Oftentimes abled folks cannot conceive of Disabled joy without pity; they get lost in their own imaginations, stumbled by the disorders and wrongness they believe our bodies are burdened by. But on Saturday, celebration took center stage through flexibility of form and fashion.

· 3 min read
Disabled Joy Hits The Runway
Artist Jenna Powers showers the stage in sunshine. Dylan Contreras photos.

The lights lower. A woman wearing a dress made from bright orange silk spins at the top of the runway; a few tufted stars in unexpected colorways decorate the bodice. The audience lining the runway oohs and aahs as LED lights sewn into the skirt begin to glow. Every detail of the dress is playful in a way that today’s top designers can only wish to achieve, the model a sunbeam embodied. 

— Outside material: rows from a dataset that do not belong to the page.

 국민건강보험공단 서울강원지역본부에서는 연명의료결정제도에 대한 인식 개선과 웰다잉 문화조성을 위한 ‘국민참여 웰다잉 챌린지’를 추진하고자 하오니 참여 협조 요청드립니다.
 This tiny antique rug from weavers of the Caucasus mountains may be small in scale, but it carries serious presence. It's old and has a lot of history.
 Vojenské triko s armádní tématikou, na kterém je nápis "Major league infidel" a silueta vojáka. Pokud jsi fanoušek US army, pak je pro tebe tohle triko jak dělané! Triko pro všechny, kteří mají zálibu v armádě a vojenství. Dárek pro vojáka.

Artist Jenna Powers made and modeled that dress during last Saturday's “Disco Kitchen,” a fashion show fundraiser featuring the works of 30 designers with developmental disabilities. The event was hosted by the Center for Creative Works, an art studio focused on “developing creative workplace potential and cultural identity for people with intellectual disabilities,” as their website puts it. When Powers sashayed down the runway, I felt like I was watching a sunrise saturated with disabled joy.

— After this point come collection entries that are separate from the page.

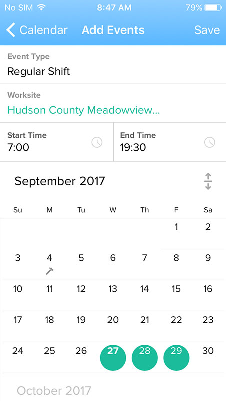 If you haven't added your worksite, that will be the next step, along with start and end time. Finally, you need to tick all the days in the calendar for a particular event.
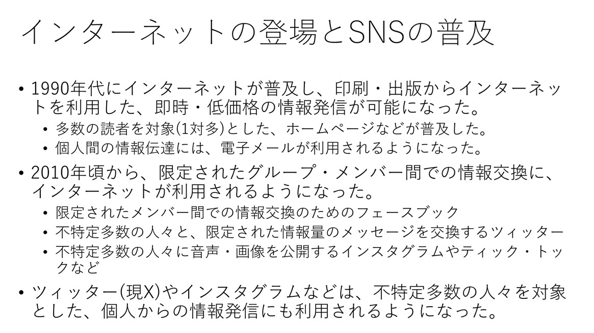 20世紀の中ごろから、これらの文書は、コンピュータを活用したデータベース上に蓄積され、必要に応じて、誰でもその内容を検索し、内容を確認できるようになりました。コンピュータと通信回線を活用することで、地球上のどこからでも、文章を検索し、見つけ出して内容を確認することが、極めて短時間のうちに行えるようになりました。そのことで、世界中で作成される文章を、いつでも、どこでも、自分自身の要求に従って、検索し、内容を読むことができるようになりました。19世紀から20世紀の社会では、印刷技術を活用した、「新聞」などのメディアによって、速報として社会的に重要な情報を、早く、多くの人々に、低コストで提供されていました。20世紀の後半、特に1990年代になると、インターネットを利用して、個人が情報発信者となり、世界の人々に対して、自分の意思で、即座に情報を発信できるようになりました。つまり、20世紀の前半まで、出版社や、放送局などの専門家たちによって、その内容の質を保証できない情報は、自動的に排除されていました。従って、情報の内容についての真偽は、問題になりませんでした。しかし、個人個人が、情報を獲得し、直接、即座に発信できるようになると、その情報の真偽を客観的に保証することが、できなくなりました。
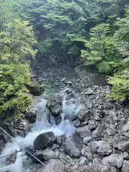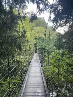 Kannon Falls is located further inland from Fudo Falls in Gifu, and you can reach it by crossing two narrow suspension bridges with a maximum capacity of three people.
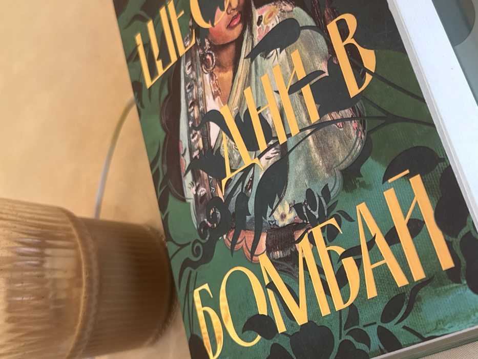 The scene depicts a close-up, high-angle view of a book and a beverage on a light-colored surface, presumably located in the city of Suvorovo, Bulgaria. No individuals are present. The primary subject is a book with a dark green cover featuring gold/yellow embossed text, partially legible as "BOMBAY" on the left and "THE RIVER" on the right. The cover illustration includes dark green foliage patterns, ornate elements, and the partial depiction of a woman's face adorned with what appears to be jewelry or a headdress. Adjacent to the book, a clear, vertically ridged glass contains a light brown, opaque liquid with a layer of foam on its surface, consistent with a milky coffee beverage. The items rest on a smooth, light brown or beige table surface. A thin, white or light-colored cable is visible on the table, extending from behind the glass towards the book. The lighting is uniform, suggesting an indoor setting.
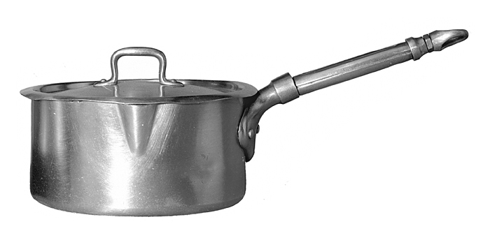 KASTRULL med lock. Av aluminium. Cylindrisk, med rundad bottenkant och plan botten, liten snås och snett utstående skaft. Snåsen till vänster om skaftet, kort och avspetsad nedåt. Skaft av mässing, ovalstavigt och svagt spolformigt, på översidan och undersidan en längdgående insänkning; skaftet med en genom detta gående tånge, på vars ytterände en avlång ögla av aluminium, rörlig kring en i tången ingängad skruv av mässing med en sexsidig mutter innanför öglan; på inre änden en rund hylsa av aluminium, från vilken utgående en rombisk tjock platta, fäst med tre nitar. Höjd: 7,4 cm.; diameter: 14,3 cm. Skaft, längd: 15 cm. Lock: Lågt, svagt kupigt, kring kanten en rakt uppstående fals med rakt utstående kantfläns; på mitten ett avlångt flackstavigt handtag med nedböjda ändar och rakt utstående, något utvidgade ytterändar, fästa vardera med en nit. Höjd:1 cm.; diameter: 15,6 cm. Fransk tillverkning, Tournus i departementet Saône-et-Loire.

Oftentimes abled folks cannot conceive of disabled joy without pity. They get lost in their own imaginations, stumbled by the disorders and wrongness they believe our bodies are burdened by. But at Saturday's show, celebration took center stage through flexibility of form and fashion.

“Are you ready to partyyyyy?!” the MC yelled at the start of the show. His co-presenter helped him find the microphone with his seeing eyes. I looked around the room — the audience was spread around The Icebox gallery, a high-ceilinged space with warehouse floors. The place was stocked with life solely because the Center for Creative Works chose to fill it and us up.

Textile was at the center of the line-up. There was intense focus on intricate patterns made by painting and weaving that molded into bold shapes unafraid to take up space. More than once I saw boiler suits covered in detailed paintings that focused mostly on color and abstract lines, stretched like fabric maps across the model’s bodies. 

The audience could rely on the CCW staff members and organizers to help the artists get down the runway and express in poses how their pieces made them feel. There were spins, bows, waves to the audience, and plenty of finger guns. A CCW staff member held the hand of one designer wearing a hand painted frock, keeping her close while she floated down the runway. The model’s cheeks were painted with red hearts to match the streaks of red in her hair. The dress was loose and decorated with dulled shades drawn from the full spectrum of the rainbow. 

Designers Jenna Powers and Wendy Morenga.

Other pieces were sculptural — one designer, for example, wore a cardboard propeller on his back and walked a paper mache dragon on a leash, dragging it behind him like a tired dog. Still, others were more traditional in their modes of glory: Tulle, in deep red, butter yellow, seafoam green and lavender drift down the concrete floors in one of the final gowns. The colorful netting was attached to a denim patchwork mini dress, at the top of which were ballooning, tulle sleeves. She looked beautiful and she knew it. 

Projected images that CCW artists had drawn and painted covered the entire wall in front of the runway. Once models reached the front, their bodies were placed in the world of Disabled art.

By the time Powers’ iconic glowing, orange dress blessed the runway, the audience, made up of mostly family members of the designers, were cheering as loudly as they could. Every garment and personality-ridden runway walk was more exciting than the last. Though the energy of the designers was part of the party, the quality and creativity of the garments stood out on their own terms. Other than a friend I brought along, the audience seemed small and close-knit, primarily family members of the designers. Where were the abled people not just willing, but wanting to see Disabled joy strutting down a runway?

At the end of the event, one of the artists took to the mic again, describing the “nonstop action and a lot of drama in the workroom” that preceded the one-off night. We are all living our Project Runway dreams. I felt confident that even the neurotypicals in attendance had been fed an opportunity to benefit from Disabled culture and art put on display — but it was also an afternoon for the rest of us to relax our bodies, move freely, yell loudly, and forget abled body politics. In the end, one of the designers put it aptly in saying “there’s people, there’s family, there’s the whole world. I’m getting a raise, amen.”

At Disco Kitchen, there’s the whole world.